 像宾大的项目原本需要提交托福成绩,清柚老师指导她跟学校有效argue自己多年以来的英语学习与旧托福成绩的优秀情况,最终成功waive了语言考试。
---
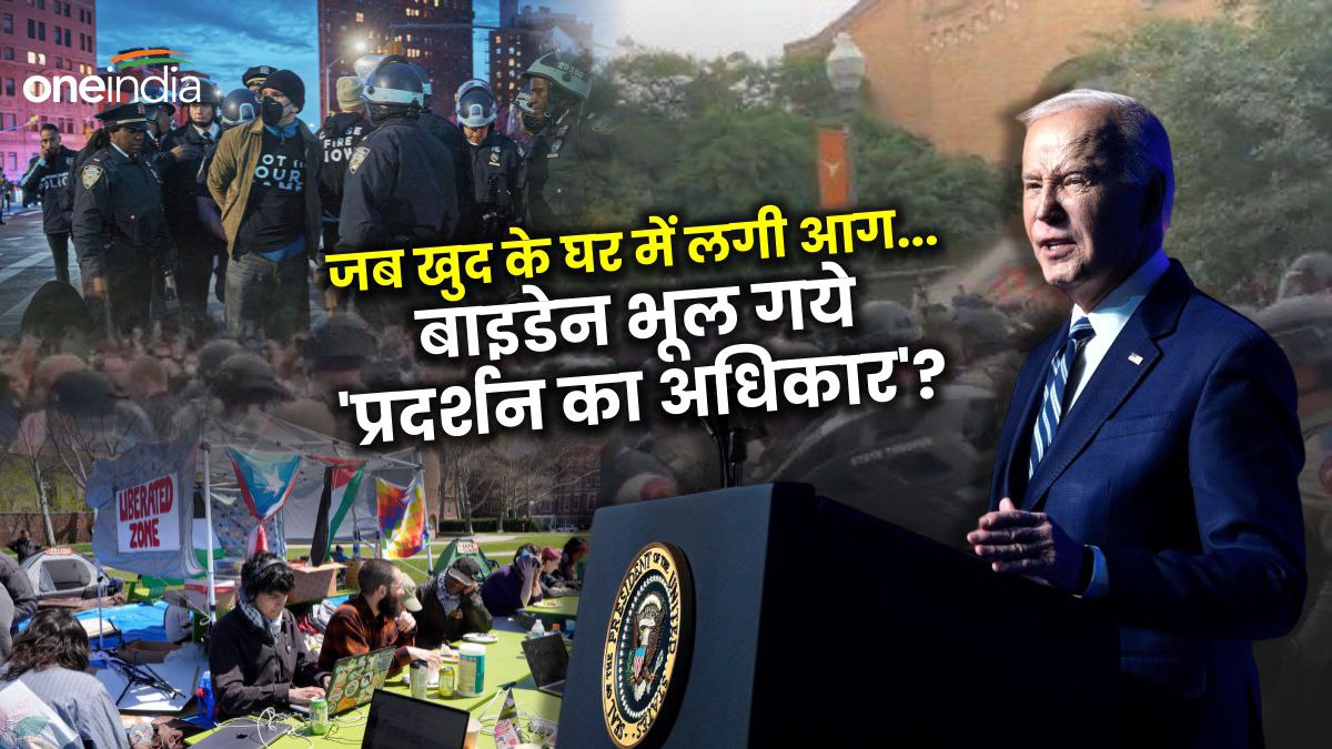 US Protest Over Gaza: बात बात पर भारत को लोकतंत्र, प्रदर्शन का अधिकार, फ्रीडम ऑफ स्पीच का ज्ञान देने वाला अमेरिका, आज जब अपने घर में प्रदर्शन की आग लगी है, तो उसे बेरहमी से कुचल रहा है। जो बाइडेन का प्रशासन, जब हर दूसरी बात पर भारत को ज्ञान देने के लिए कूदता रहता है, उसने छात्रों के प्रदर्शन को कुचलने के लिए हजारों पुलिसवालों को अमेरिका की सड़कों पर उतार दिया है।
==
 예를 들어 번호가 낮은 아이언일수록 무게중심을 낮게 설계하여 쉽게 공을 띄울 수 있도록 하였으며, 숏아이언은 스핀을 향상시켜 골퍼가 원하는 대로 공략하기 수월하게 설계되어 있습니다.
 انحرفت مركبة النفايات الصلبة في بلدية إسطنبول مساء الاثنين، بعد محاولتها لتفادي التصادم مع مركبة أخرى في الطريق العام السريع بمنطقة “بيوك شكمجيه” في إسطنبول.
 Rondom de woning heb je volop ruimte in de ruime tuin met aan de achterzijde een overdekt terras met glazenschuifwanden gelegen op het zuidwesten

_Your goal_.
Please transcribe only the lines in the records above running from the line that has "예를 들어 번호가 낮은" through the line that has "Rondom de woning", both included, exactly as they appear.

_Solution to the problem_.
 예를 들어 번호가 낮은 아이언일수록 무게중심을 낮게 설계하여 쉽게 공을 띄울 수 있도록 하였으며, 숏아이언은 스핀을 향상시켜 골퍼가 원하는 대로 공략하기 수월하게 설계되어 있습니다.
 انحرفت مركبة النفايات الصلبة في بلدية إسطنبول مساء الاثنين، بعد محاولتها لتفادي التصادم مع مركبة أخرى في الطريق العام السريع بمنطقة “بيوك شكمجيه” في إسطنبول.
 Rondom de woning heb je volop ruimte in de ruime tuin met aan de achterzijde een overdekt terras met glazenschuifwanden gelegen op het zuidwesten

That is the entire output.